Oude Testament

Nieuwe Testament

Daniël 11:6-20 NBG-vertaling 1951 (NBG51)

6. En na verloop van jaren zullen zij zich verbinden: de dochter van de koning van het Zuiden zal komen tot de koning van het Noorden om een vergelijk te treffen, maar zij zal de sterkte van haar macht niet behouden, evenmin zal zijn macht standhouden; zij zal worden prijsgegeven, zo ook degenen die haar brachten, hij die haar verwekte, en hij die haar verwierf.

7. En in die tijden zal een spruit uit haar wortels in zijn plaats oprijzen, en deze zal oprukken tegen het leger, de burcht van de koning van het Noorden binnentrekken, en zegevierend daartegen optreden.

8. Ja, zelfs hun goden met hun gegoten beelden, met hun kostbare voorwerpen, zilver en goud, zal hij als buit naar Egypte voeren; hij zal enige jaren zich van strijd tegen de koning van het Noorden onthouden,

9. daarna zal deze het koninkrijk van de koning van het Zuiden binnenvallen, doch naar zijn eigen land moeten terugkeren.

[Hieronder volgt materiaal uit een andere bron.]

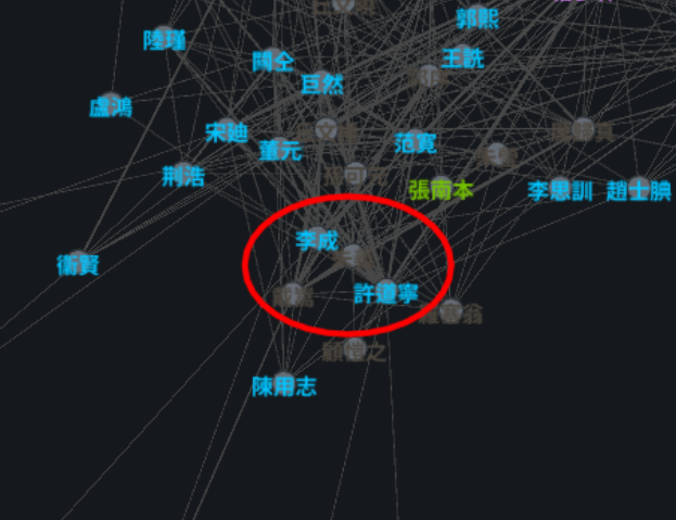 To interpret this visually, we should expect to see artists which painted similar subjects to be in close proximity to each other, and in the same community. For example, Xu Daoning's Chinese Wikipedia page mentions relations to Li Cheng's style and subject matter, and indeed they appear in the same community, and close to each other.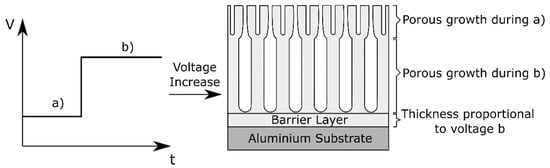 Conversely, when the potential is increased, a current overshoot is observed and a new steady rate of film growth is reached relatively quickly [68]. The anodizing efficiency increases during a potential rise, because for a certain period of time the current exceeds the equilibrium current at the steady-state [69]. In this case, also a graded morphology is reported [68]. This is schematically visualized in Figure 5.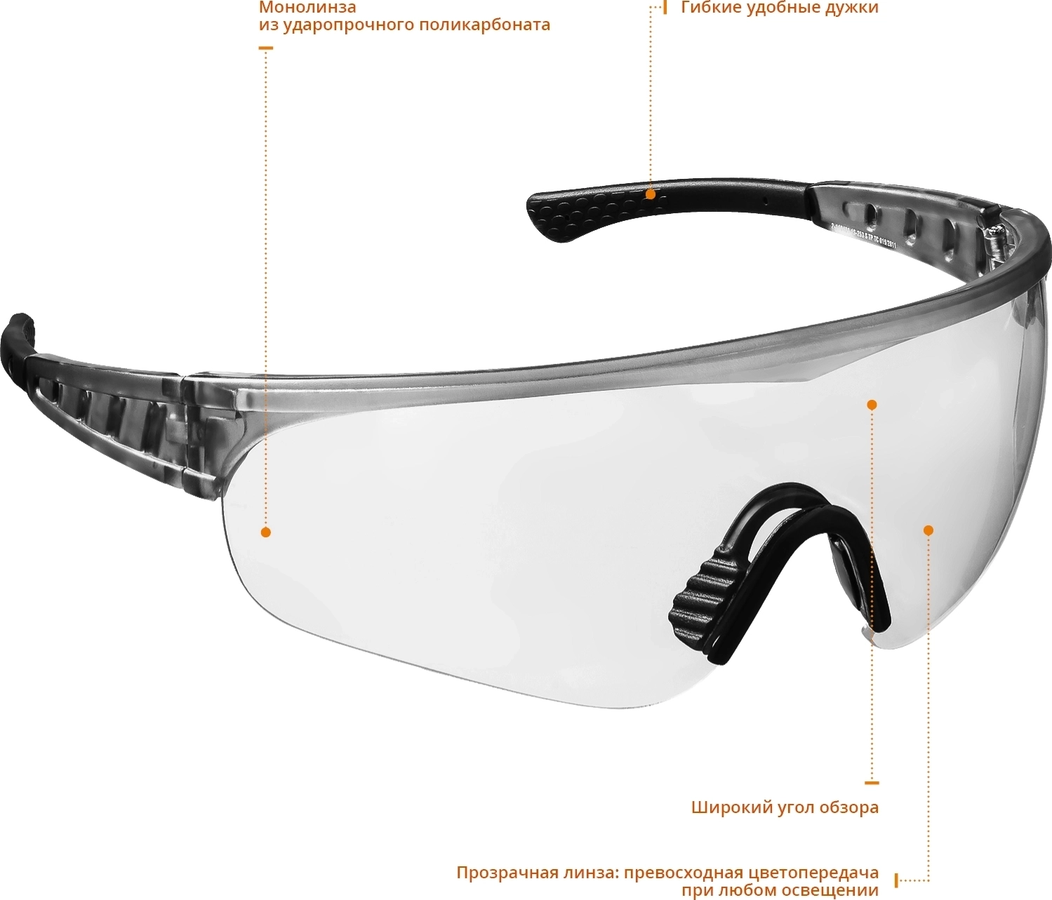 Очки защитные STAYER предназначены для защиты органов зрения от твердых летящих частиц.

10. Dan zullen zijn zonen zich ten strijde rusten en een menigte grote legers verzamelen; een van hen zal tegen hem oprukken, als een overstroming steeds verder om zich heen grijpen, en bij een hernieuwde stormloop komen tot aan zijn vesting.

11. Dan zal de koning van het Zuiden verbitterd worden en uittrekken en strijden met de koning van het Noorden, en deze zal een grote menigte op de been brengen, maar die menigte zal in zijn macht worden overgegeven.

12. En wanneer die menigte is weggevaagd, zal zijn hart zich verheffen; wel zal hij tienduizenden neervellen, maar toch niet sterk zijn.

13. En opnieuw zal de koning van het Noorden een menigte op de been brengen, groter dan de eerste, en na een tijdsverloop van jaren zal hij tegen hem oprukken met een groot leger en een geweldige tros.

14. In die tijden nu zullen velen opstaan tegen de koning van het Zuiden; ook zullen gewelddadige mensen uit uw volk zich verheffen om een gezicht tot werkelijkheid te maken, maar zij zullen struikelen.

15. En de koning van het Noorden zal komen, een wal opwerpen en een versterkte stad innemen; de strijdkrachten van het Zuiden zullen geen stand kunnen houden, noch ook de keurtroepen, ja, er zal geen kracht zijn om stand te houden.

16. En hij die tegen hem optrekt, zal doen wat hem goeddunkt, en niemand zal voor hem standhouden; hij zal vaste voet krijgen in het Sieraadland en verdelging zal in zijn hand zijn.

17. Dan zal hij ernaar streven om de macht te verwerven over het gehele koninkrijk van de ander en hij zal een vergelijk met hem treffen; een vrouw zal hij hem geven om het rijk te gronde te richten, maar dit zal niet slagen en hem niet tot voordeel zijn.

18. En hij zal zijn aangezicht keren tegen de kustlanden en er vele veroveren, maar een bevelhebber zal hem met zijn smaad doen ophouden zonder dat hij hem diens smaad vergelden kan.

19. Daarna zal hij zijn aangezicht keren naar de burchten van zijn eigen land – maar hij zal struikelen en vallen en niet meer gevonden worden.

20. In zijn plaats zal iemand opstaan, die een afperser rondzendt door het heerlijkste deel van het koninkrijk, maar binnen enkele dagen zal hij verbroken worden, doch niet door toorn, noch door strijd.